Ночью он спал плохо, а когда проснулся утром и, дрожа всем телом от холода, вышел в зал и заглянул в окно — настроение его разом упало.

— Наташа, выпал снег! — с горечью в голосе сообщил он, разбудив жену.

— Ну, так что же?.. К обеду растает…

— Нет, так досадно!.. Травка начала зеленеть и вдруг — снег…

Недовольный женою, он вышел на террасу и осмотрелся.

Гладкие дорожки сада были застланы тонкой пеленой снега, белыми пушистыми шапками насел снег на столбы изгороди, и зелёные палицы сосен и елей отвисли под тяжестью мокрого снега. По небу тянулись тёмные пушистые облака, ронявшие капли дождя и тяжёлые снежинки.

За утренним чаем Борис Николаевич всё время нервничал, а когда Наталья Ивановна уехала в город, — послал кухарку за водкой.

Он пил быстро, один стаканчик за другим, и улыбался счастливой улыбкой ребёнка, которому наконец-то удалось вкусить запретный напиток.

После четырёх часов он стремглав бросился встречать жену, как только увидел её из-за изгороди сада.

— Я тебя давно поджидаю! — встретил он её, целуя её руки.

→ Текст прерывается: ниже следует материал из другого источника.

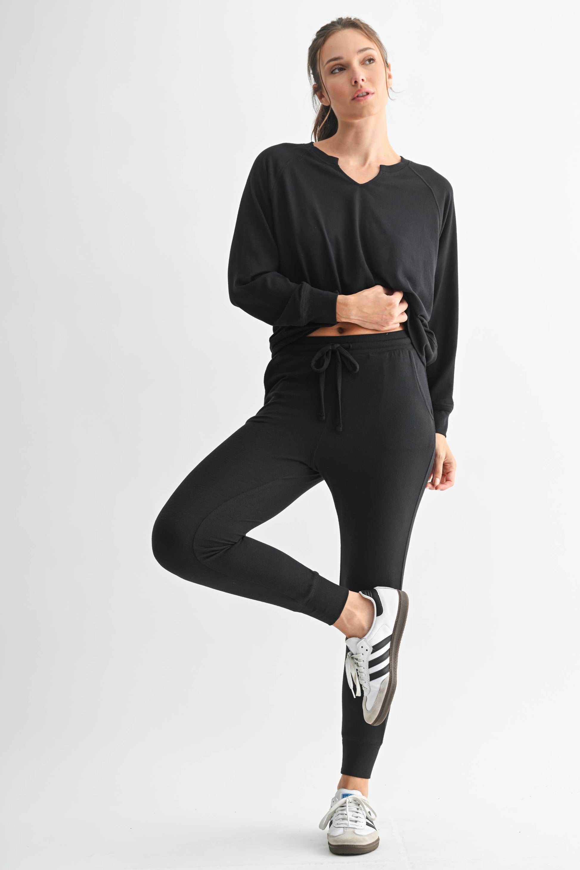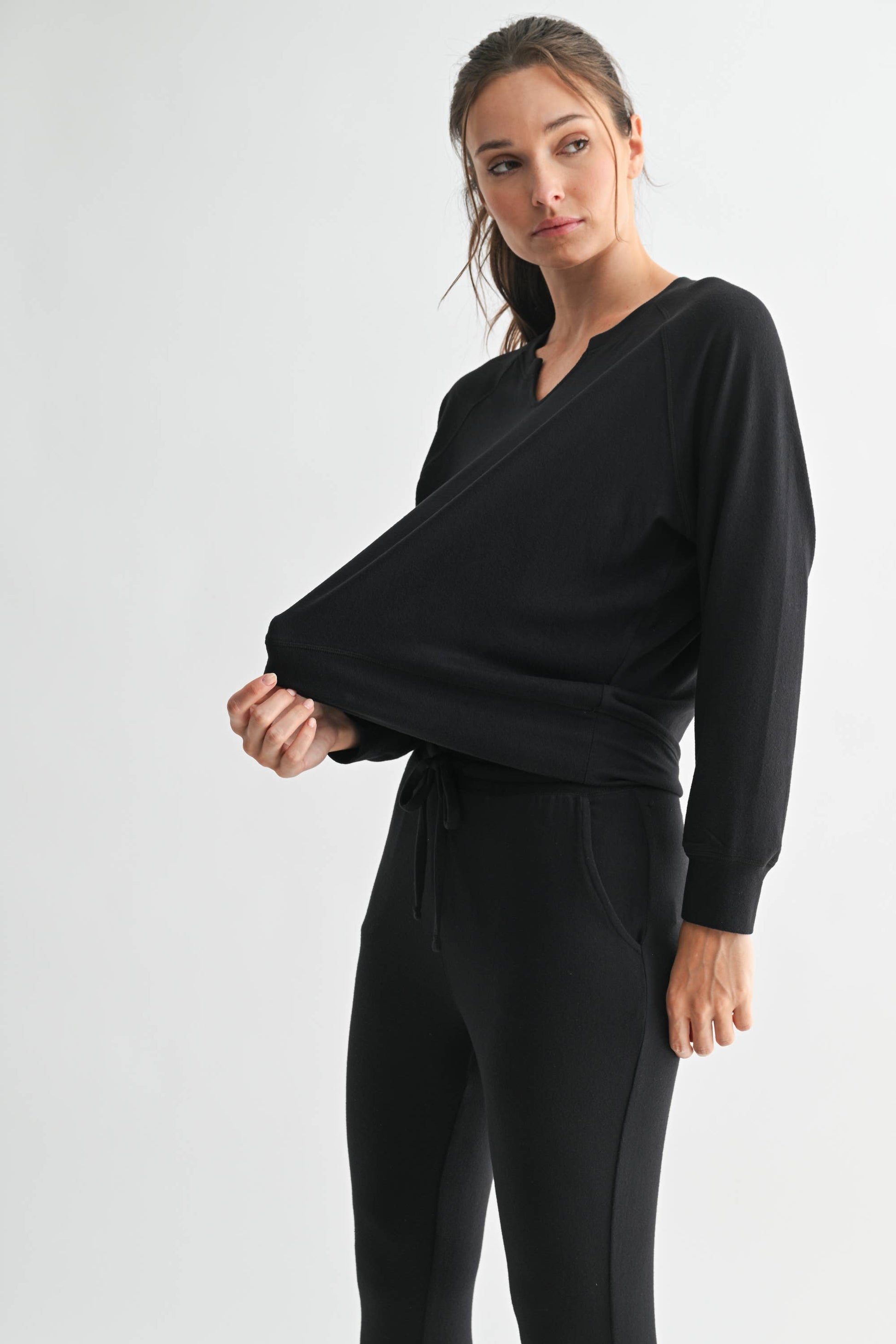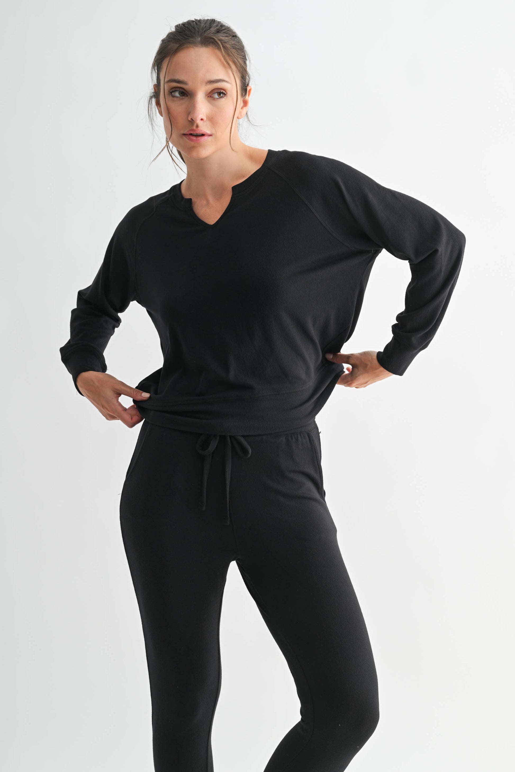 Slip into pure, cloud-like comfort with the Cloud Kissed Henley. Crafted from our dreamy, best-selling Hacci fabric, this long sleeve is soft, breathable, and perfectly slouchy…ideal for lounging, layering, or living your best cozy life. The Henley-style detail and gentle V-neckline add a touch of effortless charm, while the lightweight feel makes it a year-round go-to. Available in three versatile hues… Oatmilk, Golden Hour, and Black…so you can match your mood, your joggers, or your coffee order. Available in store and online.
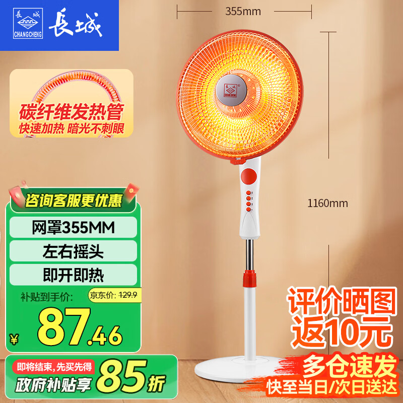 ¥79.9 长城(CHANGCHENG)取暖器家用小太阳电暖器轻音电暖气取暖烤火炉台式电热两档调节速热倾倒断电 落地中号摇头款机械式LX-01/360 122.9
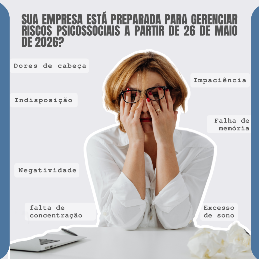 Esses riscos, quando não gerenciados, podem resultar em afastamentos previdenciários, aumento de passivos trabalhistas, queda de produtividade e danos reputacionais.
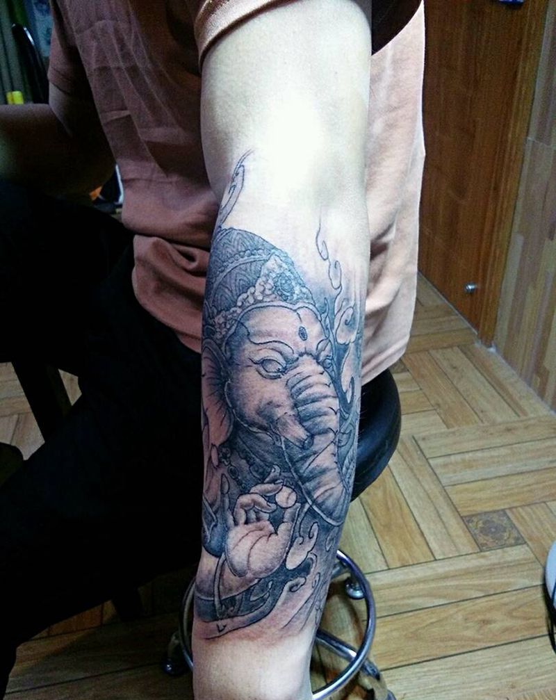 当前位置: 首页 >广东省广州市纹身店-周贰纹身工作室纹身图案>象神纹身图片_手臂鬼神纹身图案
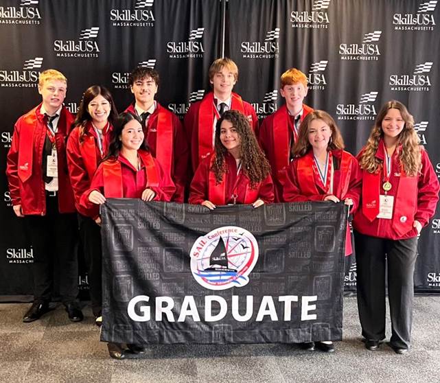 Nine Seniors attended the SkillsUSA SAiL Conference @ Gillette Stadium in Foxborough. They were able to network w/ industry professionals & colleges & gain important life skills like financial management & crafting a resume at workshops w/students from across the state.
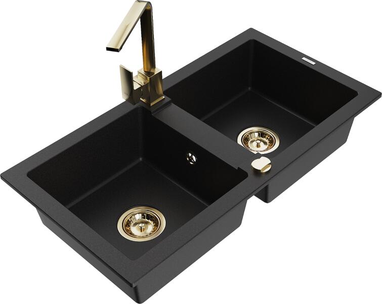 Mexen Mario, gránit mosogató 820x436x161 mm, 2 kamrás, fekete arany szifonnal és arany Rita mosogató csapteleppel, 6504-77-670300-50 Gyártó: Mexen Sorozat: Mario Modell: 2 kamrás Fekete szín Felület: sima Felszerelés: munkalapra Hossza 820 mm Szélesség 436 mm Magasság: 161 mm Kamra mélysége: 151 mm Kamra mérete: 356x336 mm Lefolyó átmérője: 90 mm Szifon + automatikus leereszt
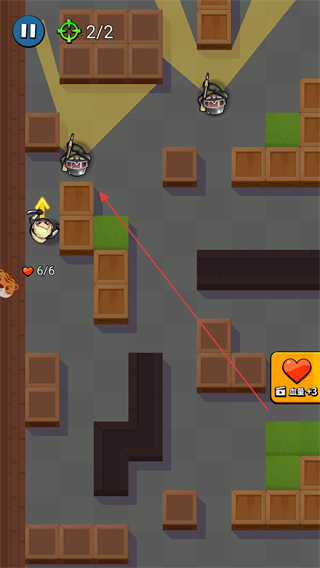 3、面对多名敌人时,利用地形木箱、草丛隐藏身形,逐个击破,保持血量。
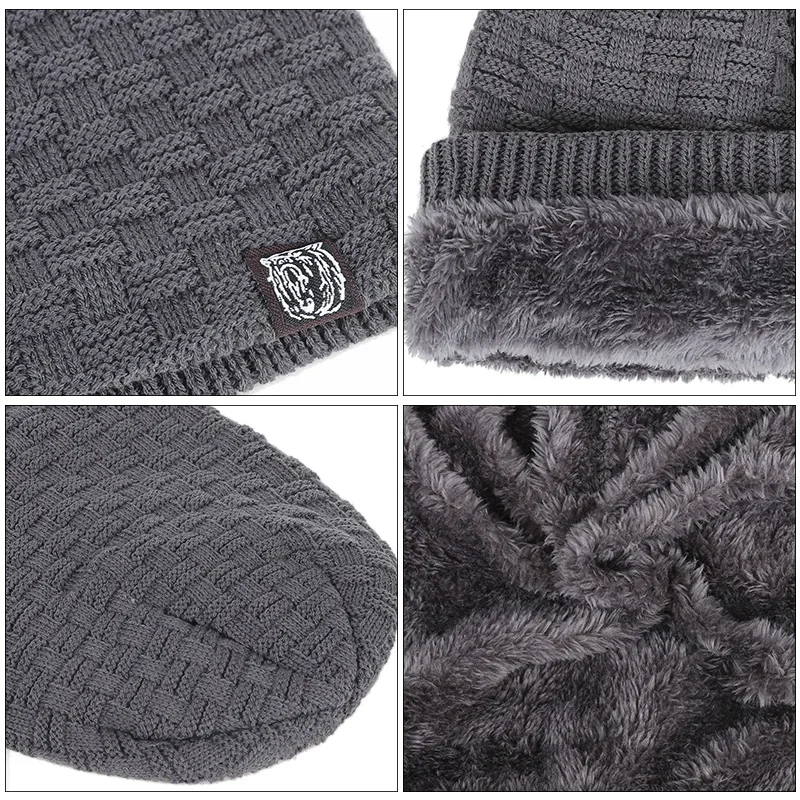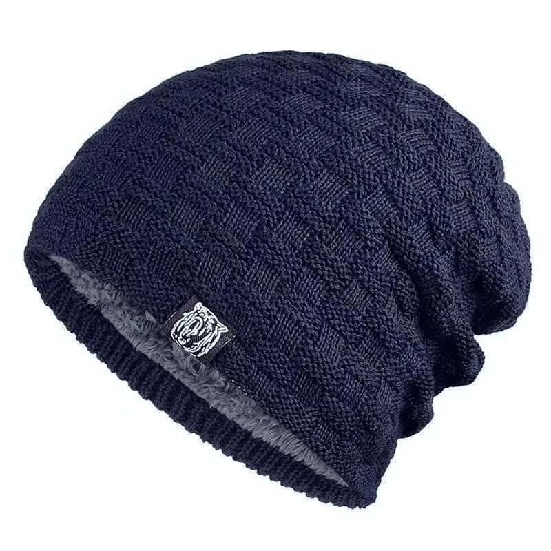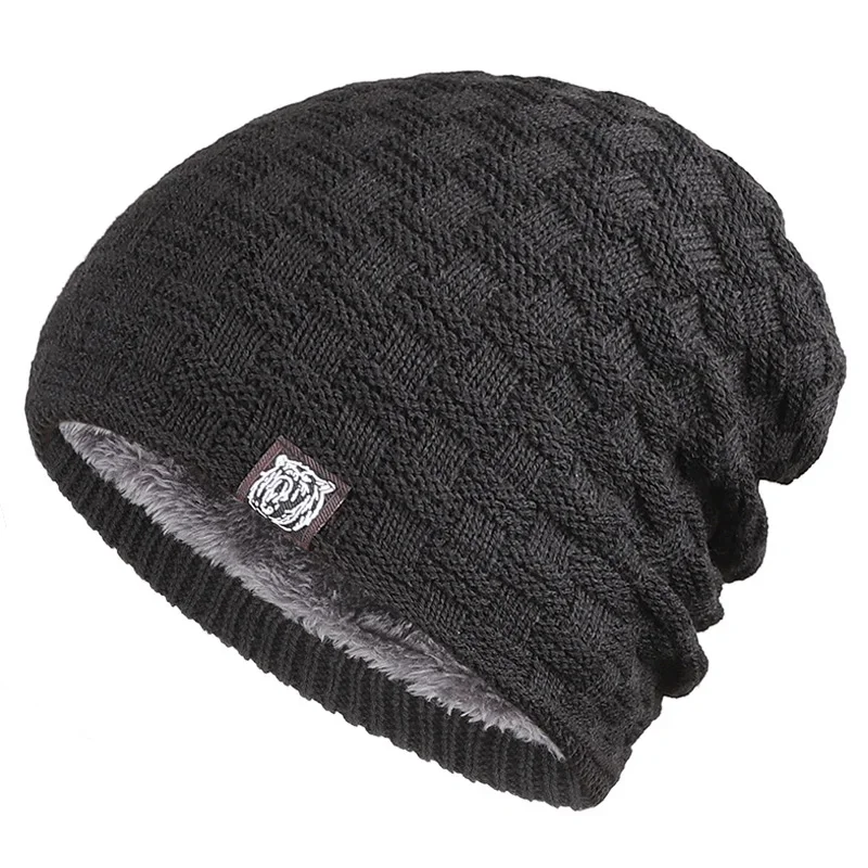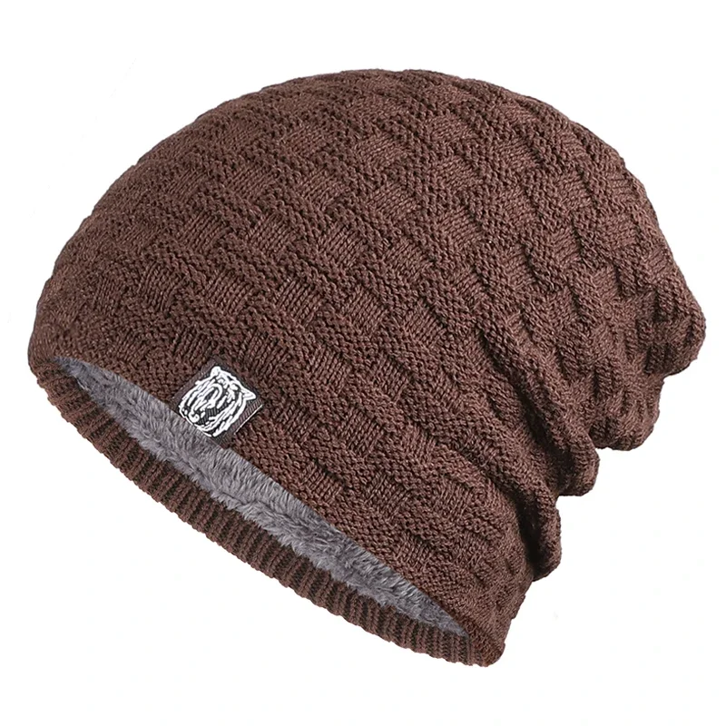 Knitted Beanie with lining six colours polyester /acrylic warm winter casual skullies beanies grey khaki black brown dark red navy

Наталья Ивановна побледнела, поняв состояние мужа, и ей сразу стало не по себе. За обедом Борис Николаевич много говорил, но мало ел. Раза два он поднимался из-за стола, уходил в прихожую, а когда возвращался к столу — голос и смех его слышались на весь дом. После обеда он пил водку, пил в сумерки и, наконец, снова слёг в постель.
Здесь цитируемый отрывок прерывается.